(Data for review Opens)
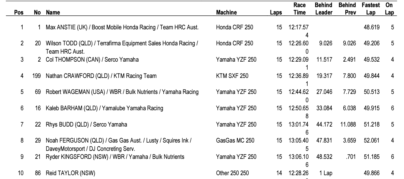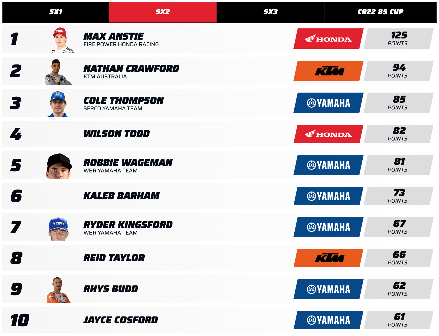 | Max Anstie (Honda) | Fox Australian Supercross Championship | SX2 |
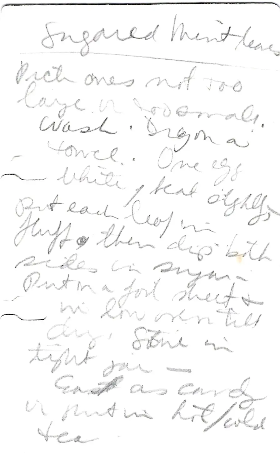 - Store the dried, sugared mint leaves in a tight jar.
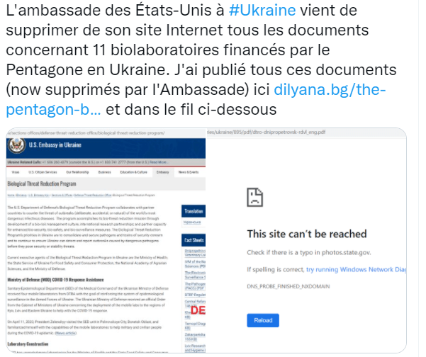 L’Afp a une fois de plus menti …Les médias américains ont implacablement diffamé@dgaytandzhieva pour ses enquêtes acharnées sur les laboratoires biologiques financés par le Pentagone en Europe de l’Est. Il s’avère qu’elle avait raison.
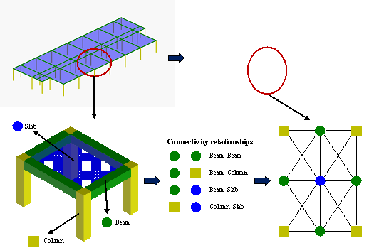 (c) Size distribution of slabs Figure 2. Statistical size distribution of beams, columns, and slabs. The statistical data reveal that the widths of beams are mainly between 200 and 300 mm, while the heights range primarily from 400 to 800 mm, often in multiples of 100 mm. The cross-sections of columns are typically square, with lengths in both the x and y directions primarily distributed between 400 and 700 mm. In some cases, the length in the y direction exceeds that in the x direction. Slab thicknesses are generally concentrated around two values: 100 and 120 mm. To compare the effectiveness of different models, the dataset was divided into training, validation, and test sets in a 6:2:2 ratio. The training, validation, and test sets consist of 57, 19, and 19 buildings, respectively. However, the dataset still has some limitations. The data volume is relatively limited and needs further expansion. Additionally, it does not yet consider architectural design requirements, such as clear height, which can be further supplemented and refined in future work. 2.4 Graph representation To use HetGNNs for prediction, the CAD drawings in the dataset must first be converted into heterogeneous graphs, as shown in Figure 3. A comprehensive description of all the processing steps can be found in Appendix A. Based on spatial relationships, the links between nodes representing beams, columns, and slabs are categorized into four types: beam每beam, beam每column, beam每slab, and column每slab. A beam每beam link is created between two beam nodes when they are either connected to the same column or directly interconnected. A beam每column link forms between a beam node and its connected column node. Links between slab nodes and surrounding beam and column nodes are categorized as beam每slab and column每slab, respectively. Figure 3. Representation method for heterogeneous graphs of RC frame structures. Based on the data presented in Table 1, to predict beam width, beam height, column section length in the x and y directions, and slab thickness, various features can be assigned to the beam, column, and slab nodes, as outlined in Table 2. These features fall into four categories: (1)
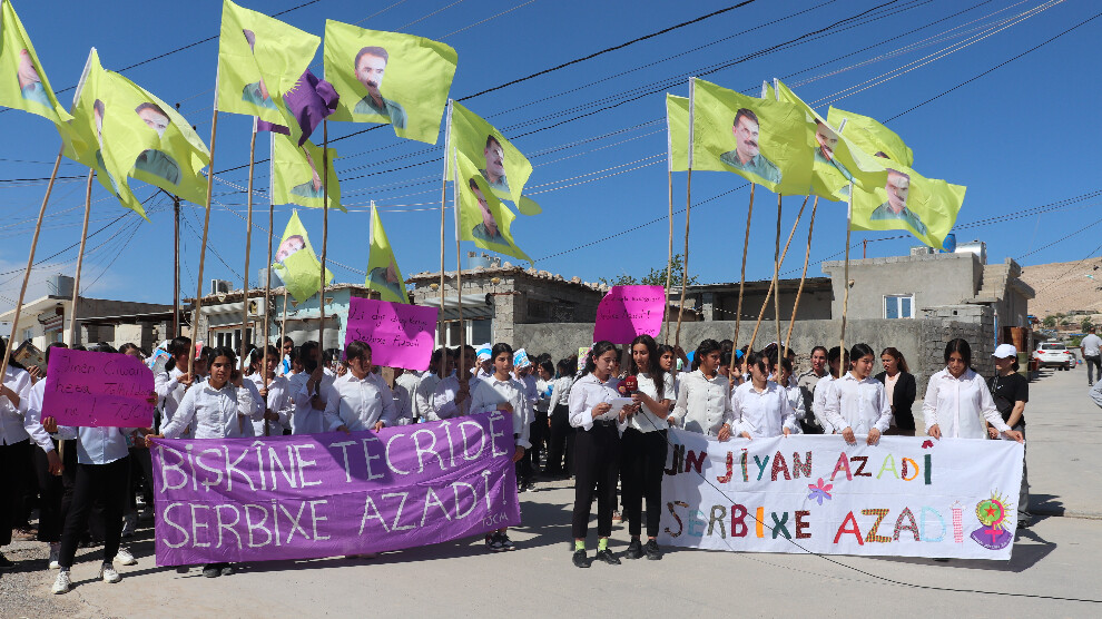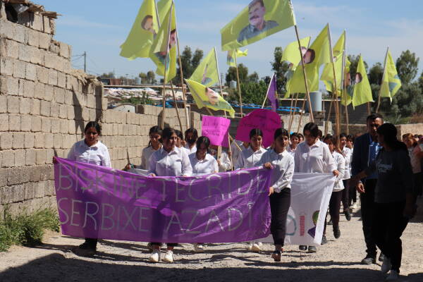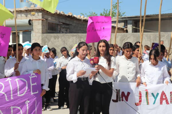 Li wargeha penaberan a Mexmurê dibin kampanyaya ‘Jin Jiyan Azadî, Serbixe Azadî’ de xwandekarên jin ên Mexmurê ji bo tecrîda girankirî ya li ser Rêberê Gelê Kurd Abdullah Ocalan were rakirin meşek girseyî li darxistin û daxuyanî dan.
(Data for review Closes)
■ **Exercise instructions**: The records above are to be quoted exactly, with all pictures left out.

■ **Task solution**:
 | Max Anstie (Honda) | Fox Australian Supercross Championship | SX2 |
 - Store the dried, sugared mint leaves in a tight jar.
 L’Afp a une fois de plus menti …Les médias américains ont implacablement diffamé@dgaytandzhieva pour ses enquêtes acharnées sur les laboratoires biologiques financés par le Pentagone en Europe de l’Est. Il s’avère qu’elle avait raison.
 (c) Size distribution of slabs Figure 2. Statistical size distribution of beams, columns, and slabs. The statistical data reveal that the widths of beams are mainly between 200 and 300 mm, while the heights range primarily from 400 to 800 mm, often in multiples of 100 mm. The cross-sections of columns are typically square, with lengths in both the x and y directions primarily distributed between 400 and 700 mm. In some cases, the length in the y direction exceeds that in the x direction. Slab thicknesses are generally concentrated around two values: 100 and 120 mm. To compare the effectiveness of different models, the dataset was divided into training, validation, and test sets in a 6:2:2 ratio. The training, validation, and test sets consist of 57, 19, and 19 buildings, respectively. However, the dataset still has some limitations. The data volume is relatively limited and needs further expansion. Additionally, it does not yet consider architectural design requirements, such as clear height, which can be further supplemented and refined in future work. 2.4 Graph representation To use HetGNNs for prediction, the CAD drawings in the dataset must first be converted into heterogeneous graphs, as shown in Figure 3. A comprehensive description of all the processing steps can be found in Appendix A. Based on spatial relationships, the links between nodes representing beams, columns, and slabs are categorized into four types: beam每beam, beam每column, beam每slab, and column每slab. A beam每beam link is created between two beam nodes when they are either connected to the same column or directly interconnected. A beam每column link forms between a beam node and its connected column node. Links between slab nodes and surrounding beam and column nodes are categorized as beam每slab and column每slab, respectively. Figure 3. Representation method for heterogeneous graphs of RC frame structures. Based on the data presented in Table 1, to predict beam width, beam height, column section length in the x and y directions, and slab thickness, various features can be assigned to the beam, column, and slab nodes, as outlined in Table 2. These features fall into four categories: (1)
 Li wargeha penaberan a Mexmurê dibin kampanyaya ‘Jin Jiyan Azadî, Serbixe Azadî’ de xwandekarên jin ên Mexmurê ji bo tecrîda girankirî ya li ser Rêberê Gelê Kurd Abdullah Ocalan were rakirin meşek girseyî li darxistin û daxuyanî dan.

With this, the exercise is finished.